ИЗ БОЕВИКА В БОЕВИК С ПИСТОЛЕТОМ В РУКАХ

Алексей Макаров родился в Омске. Окончил ГИТИС по курсу Павла Хомского - художественного руководителя и главного режиссера театра имени Моссовета. Правда, до ГИТИСа он успел поработать грузчиком на овощной базе, ночным пожарным и администратором учебного театра ГИТИСа. Макаров снимался в таких фильмах и сериалах, как "Московская сага", "Дальнобойщики", "В движении", "Ростов-папа", "Чек"... Его последняя актерская работа - главная роль в амбициозном отечественном блокбастере "Личный номер".

- Алексей, какой эпизод во время съемок "Личного номера" показался вам самым трудным?
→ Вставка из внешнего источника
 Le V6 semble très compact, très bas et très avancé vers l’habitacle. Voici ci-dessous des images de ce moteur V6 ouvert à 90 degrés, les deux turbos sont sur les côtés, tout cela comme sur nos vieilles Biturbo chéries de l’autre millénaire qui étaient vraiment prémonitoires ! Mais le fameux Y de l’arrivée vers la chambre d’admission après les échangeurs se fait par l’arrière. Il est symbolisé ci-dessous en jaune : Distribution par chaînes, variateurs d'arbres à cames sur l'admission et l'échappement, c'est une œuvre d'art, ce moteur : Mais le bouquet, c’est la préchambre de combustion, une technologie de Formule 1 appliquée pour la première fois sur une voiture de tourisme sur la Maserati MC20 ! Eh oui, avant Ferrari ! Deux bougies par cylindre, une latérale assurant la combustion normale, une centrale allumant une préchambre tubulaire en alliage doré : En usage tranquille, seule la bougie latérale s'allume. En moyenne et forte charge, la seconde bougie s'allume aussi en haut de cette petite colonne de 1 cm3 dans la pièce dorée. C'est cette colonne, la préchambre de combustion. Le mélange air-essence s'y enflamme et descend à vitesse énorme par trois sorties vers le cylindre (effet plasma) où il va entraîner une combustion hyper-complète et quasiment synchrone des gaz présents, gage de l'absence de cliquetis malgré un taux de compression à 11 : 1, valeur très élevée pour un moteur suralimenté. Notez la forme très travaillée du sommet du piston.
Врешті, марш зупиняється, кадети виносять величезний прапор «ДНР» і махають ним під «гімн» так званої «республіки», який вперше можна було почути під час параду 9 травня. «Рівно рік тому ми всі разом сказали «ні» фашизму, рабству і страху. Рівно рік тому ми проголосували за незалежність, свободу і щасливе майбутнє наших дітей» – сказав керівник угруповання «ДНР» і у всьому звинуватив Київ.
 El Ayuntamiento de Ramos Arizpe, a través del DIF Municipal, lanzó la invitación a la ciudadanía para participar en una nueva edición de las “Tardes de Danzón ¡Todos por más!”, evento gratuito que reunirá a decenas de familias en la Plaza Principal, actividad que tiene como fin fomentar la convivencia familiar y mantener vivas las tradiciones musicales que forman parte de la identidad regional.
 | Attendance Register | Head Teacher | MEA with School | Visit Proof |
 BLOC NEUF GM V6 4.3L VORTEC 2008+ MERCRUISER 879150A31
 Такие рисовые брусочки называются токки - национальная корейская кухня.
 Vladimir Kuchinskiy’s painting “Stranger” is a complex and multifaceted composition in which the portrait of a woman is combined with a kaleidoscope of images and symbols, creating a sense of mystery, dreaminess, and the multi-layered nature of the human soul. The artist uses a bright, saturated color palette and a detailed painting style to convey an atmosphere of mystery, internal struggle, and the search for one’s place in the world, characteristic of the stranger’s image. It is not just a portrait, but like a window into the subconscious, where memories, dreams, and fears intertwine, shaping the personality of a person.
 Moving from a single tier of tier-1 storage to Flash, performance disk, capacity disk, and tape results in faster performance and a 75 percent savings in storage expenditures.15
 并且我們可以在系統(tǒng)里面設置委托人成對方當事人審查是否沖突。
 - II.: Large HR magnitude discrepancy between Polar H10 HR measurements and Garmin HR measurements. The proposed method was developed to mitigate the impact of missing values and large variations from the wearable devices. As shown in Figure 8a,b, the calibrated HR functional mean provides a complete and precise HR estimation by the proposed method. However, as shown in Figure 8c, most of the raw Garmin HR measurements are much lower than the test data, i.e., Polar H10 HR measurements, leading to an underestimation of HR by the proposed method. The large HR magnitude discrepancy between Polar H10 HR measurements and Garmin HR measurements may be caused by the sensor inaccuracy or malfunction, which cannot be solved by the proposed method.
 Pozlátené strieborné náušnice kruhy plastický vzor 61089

- Самым тяжелым испытанием для меня стали съемки момента, когда я ехал ночью по летному полю на крыше бронетранспортера. Дело в том, что в ту ночь температура опустилась до минус 30 градусов. И мне необходимо было удерживаться на машине, вцепившись пальцами в ледяную броню. А еще в нескольких метрах надо мной висел вертолет с камерой, который своими лопастями создавал вихрь холодного воздуха. И так восемь дублей...
- А я-то ожидал, что вы сейчас расскажите о том, как во время съемок сломали ногу...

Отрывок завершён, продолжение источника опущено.